Work instructions
Of all the lines in the entries below, give again exactly those starting at the line containing "И. Н. Лебедь" and ending at the line containing "Si bien desde", both ends included, and no others.

Data extracts
=== Section Start ===

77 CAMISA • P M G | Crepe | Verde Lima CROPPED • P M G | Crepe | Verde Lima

=== Section End ===
=== Section Start ===

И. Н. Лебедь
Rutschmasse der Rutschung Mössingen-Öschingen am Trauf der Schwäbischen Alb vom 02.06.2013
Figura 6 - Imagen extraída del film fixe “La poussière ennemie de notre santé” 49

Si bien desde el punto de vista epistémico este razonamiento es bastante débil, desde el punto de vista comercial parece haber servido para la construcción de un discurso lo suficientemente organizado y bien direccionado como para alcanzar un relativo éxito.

=== Section End ===

Answer to this exercise
И. Н. Лебедь
Rutschmasse der Rutschung Mössingen-Öschingen am Trauf der Schwäbischen Alb vom 02.06.2013
Figura 6 - Imagen extraída del film fixe “La poussière ennemie de notre santé” 49

Si bien desde el punto de vista epistémico este razonamiento es bastante débil, desde el punto de vista comercial parece haber servido para la construcción de un discurso lo suficientemente organizado y bien direccionado como para alcanzar un relativo éxito.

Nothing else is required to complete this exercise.